Pre-Built BizFirstGO Dashboards
BizFirst Observe ships with 10 pre-built Grafana dashboards that cover the complete observability surface of BizFirstGO. Each dashboard is designed around a specific audience and use case — from high-level SLA monitoring to detailed per-node performance analysis.
Dashboard 1: Flow Studio Overview
The primary dashboard for operations teams. Shows the overall health of workflow execution in real time.
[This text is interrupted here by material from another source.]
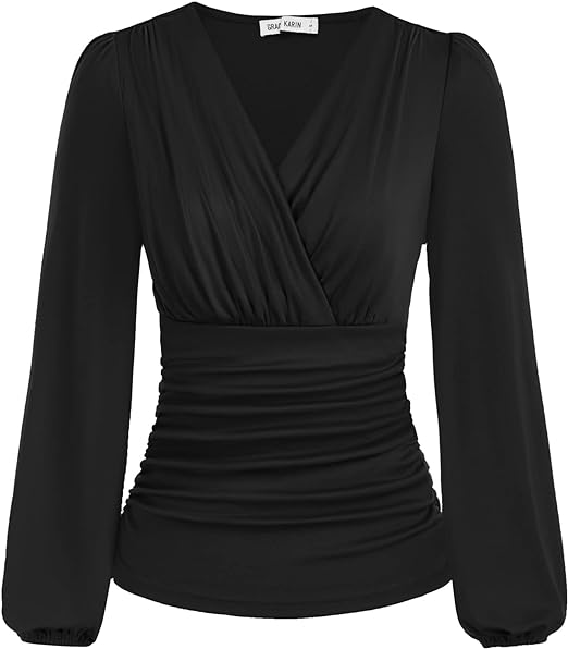 2024 Womens Tops Elegant Wrap Blouse V Neck Work Shirts Fall Fashion Long Sleeve Dressy Casual Ruched Top

| Panel | Metric / Query | Panel Type |
|---|---|---|
| Execution Rate | sum(rate(bizfirst_workflow_executions_total[5m])) | Time Series |
| Error Rate % | sum(rate(...{status="failed"}[5m])) / sum(rate(...[5m])) * 100 | Time Series + threshold coloring |
| P50 Latency | histogram_quantile(0.50, ...workflow_execution_duration...) | Time Series |
| P95 Latency | histogram_quantile(0.95, ...) | Time Series |
| P99 Latency | histogram_quantile(0.99, ...) | Time Series |
| Active Executions | sum(bizfirst_active_executions) | Stat |
| Recent Errors Log | {job="processengine", level="error"} | json | Logs |
Dashboard 2: Node Performance
Deep-dive into execution node performance. Identifies slow or error-prone node types.
| Panel | Description |
|---|---|
| P99 Latency by Node Type | Heatmap showing latency distribution for each node type over time |
| Error Rate by Node Type | Bar chart comparing error rates across all node types |
| Execution Volume by Node Type | Time series of execution counts per node type |
| Slowest Nodes (Top 10) | Table showing node types ranked by P99 latency |
Dashboard 3: HIL Analytics
Human-in-the-Loop workflow management. Used by process owners and operations to monitor approval backlogs and SLA compliance.
| Panel | Description |
|---|---|
| Current Backlog | Gauge showing total pending HIL tasks (red if > threshold) |
| Overdue Tasks | Stat panel — tasks past SLA deadline (red alert coloring) |
| Suspension Duration Distribution | Histogram of how long HIL tasks take to complete |
| Approval Rate | Pie chart: approved vs. rejected vs. timeout outcomes |
| Backlog by Tenant | Bar chart — identifies tenants with high HIL backlogs |
Dashboard 4: EdgeStream Throughput
| Panel | Description |
|---|---|
| Messages/sec by Topic | Time series per topic — shows throughput trends |
| Delivery Latency P99 | P99 message delivery time per topic |
| Subscriber Count | Active subscriber connections per topic |
| Queue Depth | Messages awaiting delivery (delivery lag indicator) |
| Failed Deliveries | Error rate for message delivery failures |
Dashboard 5: Octopus Agent Performance
| Panel | Description |
|---|---|
| LLM Call Rate | API calls per minute per model (GPT-4, Claude, etc.) |
| LLM Response Latency P99 | P99 LLM call duration — critical for agent responsiveness |
| Token Usage | Input and output tokens per minute (cost tracking) |
| Active Agent Sessions | Current active Octopus agent sessions |
| Memory Access Operations | Read/write operations per memory type (episodic, semantic, etc.) |
Every pre-built dashboard includes $tenant and $environment template variables in the top bar. Select a specific tenant to scope all panels to that tenant's data — or leave $tenant on "All" to see aggregate metrics across all tenants. This is essential for multi-tenant deployments where you need to investigate a specific tenant's behavior.